# 1953 bear grizzly recurve



## concept (Aug 27, 2003)

I have a 1953 bear grizzly bow. It is tapped for sites rest and stablizer. I have had this bow for 25 years and just wonder if it is worth any thing.


----------



## Destroyer (Sep 11, 2009)

:nod:


----------



## CAPTJJ (Dec 24, 2007)

Are you sure it was made in 1953, most models are marked with that year as the patent date, common mistake.


----------



## Destroyer (Sep 11, 2009)

CAPTJJ said:


> Are you sure it was made in 1953, most models are marked with that year as the patent date, common mistake.


True. Do a search for 'How To Date Your Fred Bear Bow' if your unsure.

Grizzly Static Recurve 1949-1957
Grizzly Recurve 1958-1978


----------



## CAPTJJ (Dec 24, 2007)

Only mentioned because I see it happen a lot on eBay.


----------



## Big Country (Apr 25, 2003)

Post a couple of clear pictures of your bow and we will be able to tell you the year.

Also, almost certainly any post factory holes drilled in the bow will drastically devalue it.


----------



## concept (Aug 27, 2003)

On the bottom limb has Canada patent date of 1953. Bow has a silver bear disk in riser. The holes are post sale drilled buy the dealer the old owner bought it from. I have had the bow for 25 years and just looked at it today for the first time in 10 years or so. I forgot I even had the bow .The bow was made in Grayling michigan


----------



## CAPTJJ (Dec 24, 2007)

Sounds like a '71 or '72.


----------



## concept (Aug 27, 2003)

went on line and found that the bow is a 71 or 72 from the info I saw but, I saw that the bear Kodiak is maybe 1950's or 60's has the flush bear in the riser on top limb has bear glass powered.Has leather grip has copper coin in riser serial number on Kodiak is E959L LOCATED ON THE LEFT LOWER SIDE OF THE RISER


----------



## Bowjack (Mar 28, 2007)

Kind of confused by your last post. Is it a Grizzly or Kodiak? The Kodiak would be a 1959 or 60. If it has red and white overlays on handle and limb tips 1959 black and white 1960. 
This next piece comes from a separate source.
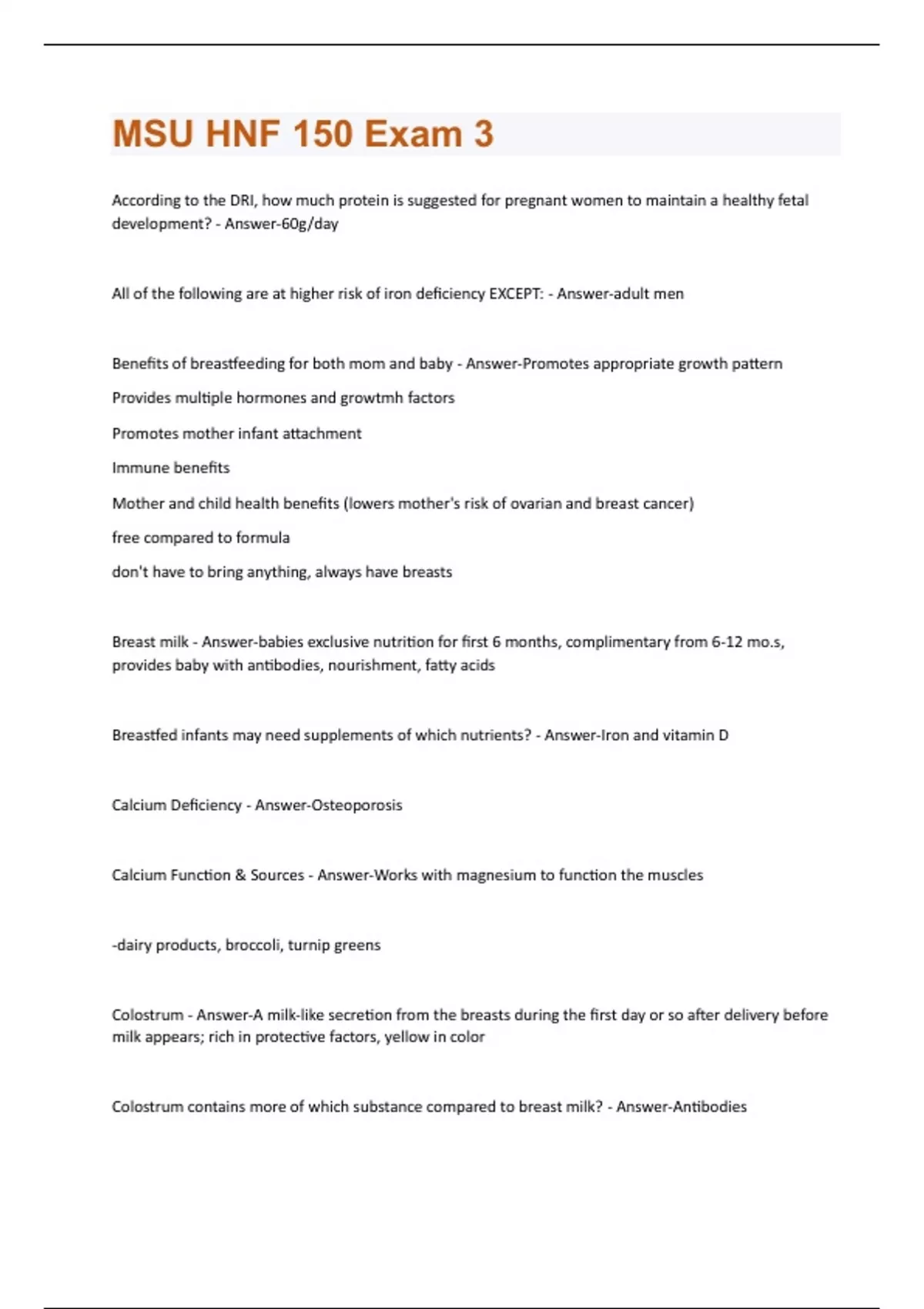 According to the DRI, how much protein is suggested for pregnant women to maintain a healthy fetal development? - Answer-60g/day All of the following are at higher risk of iron deficiency EXCEPT: - Answer-adult men Benefits of breastfeeding for both mom and baby - Answer-Promotes appropriate growth pattern Provides multiple hormones and growtmh factors Promotes mother infant attachment Immune benefits Mother and child health benefits (lowers mother's risk of ovarian and breast cancer) free compared to formula don't have to bring anything, always have breasts Breast milk - Answer-babies exclusive nutrition for first 6 months, complimentary from 6-12 mo.s, provides baby with antibodies, nourishment, fatty acids Breastfed infants may need supplements of which nutrients? - Answer-Iron and vitamin D Calcium Deficiency - Answer-Osteoporosis Calcium Function & Sources - Answer-Works with magnesium to function the muscles -dairy products, broccoli, turnip greens Colostrum - Answer-A milk-like secretion from the breasts during the first day or so after delivery before milk appears; rich in protective factors, yellow in color Colostrum contains more of which substance compared to breast milk? - Answer-AntibodiesDehydration symptoms - Answer--Thirst -Dry mouth -Lack of energy -Rapid pulse -Low blood pressure -Sudden weight loss -Reduced urine Diuretic - Answer-compound, usually a medication, causing increased urinary water excretion Fluoride Deficiency - Answer-dental decay Fluoride Function & Sources - Answer-Works with insulin to regulate/release energy from glucose. Helps form bones and teeth -fish, meat, seafood, water with fluoride Hard water: - Answer-contains dissolved minerals like calcium and magnesium Heme iron can only be found in which food sources? - Answer-Meat, fish, poultry How to dehydrate the body - Answer--Dont drink enough fluids -Diuretics (alcohol, caffeine) -Eat lots of salt and sugar Hunger: - Answer-fussing, crying, squirming, sucks fistInfant Feeding and Toddler Feeding Recommendations 0-6 months - Answer-only breastmilk or infant formula. Infant Feeding and Toddler Feeding Recommendations 10-12 months - Answer-breast milk/formula (3 servings), breads and cereals (4 servings), fruits (2 servings), vegetables (3 servings), meat, fish, poultry, eggs, or legumes (2 servings). Infant Feeding and Toddler Feeding Recommendations 6-7 months - Answer-start with new food on a spoon, make sure the baby is developmentally ready and interested in complementary foods, breast milk/formula still staple food. Infant Feeding and Toddler Feeding Recommendations 8-10 months - Answer-begin finger foods, slowly introduce meats, fish, casseroles, cheese, eggs, legumes, yogurt, diluted juice. Iodine Deficiency - Answer-goiter, cretinism(severe stomach bulge and underdevelopment mentally and physically) Iodine Function & Sources - Answer-Thyroid hormone and BMR -iodized salt, seafood, foods grown in iodine rich soil, bread Ions - Answer-electrically charged particles such as sodium or chloride Iron Deficiency - Answer-anemia, pica Iron Function & Sources - Answer-Oxygen carrying cells: hemoglobin ---> red blood cells--->myoglobin---- >muscle cells, helps enzymes use oxygen needed to make new cells

The 71 and 72 Grizzlies were 58" AMO had black glass back and belly. If the Grizzly silkscreen is facing you when held to shoot [belly] 1972 If it is on the opposite side [back] 1971.


----------



## coryj (Dec 26, 2006)

Big Country said:


> Post a couple of clear pictures of your bow and we will be able to tell you the year.
> 
> Also, almost certainly any post factory holes drilled in the bow will drastically devalue it.


Detailed pictures will tell the tale. I cringe every time I see an old bow drilled for a quiver bracket or sights. Even the factory stabilizer bushing on later bears makes me a little sad. Where are you in PA?


----------



## concept (Aug 27, 2003)

I live in Fayetteville,pa about 19 miles from the maryland border
I also have an Pearson take down recurve,which I have no idea what year it is.
I will get some photos of all 3 bows soon.


----------



## 4nolz (Aug 17, 2011)

A 59 or 60 Kodiak is very valuable to collectors.Pics!


----------



## concept (Aug 27, 2003)

I tried to up load photos from my computer from a file I created but they would up load to archery talk.
If any one is interested in seeing photos of bows,send me an email and I will attach to the mail
My email. [email protected]


----------



## concept (Aug 27, 2003)

I had a email from some one who looked at my post. I have a 72 grizzly and the other is a 1959 kodiak
Now my question is solved


----------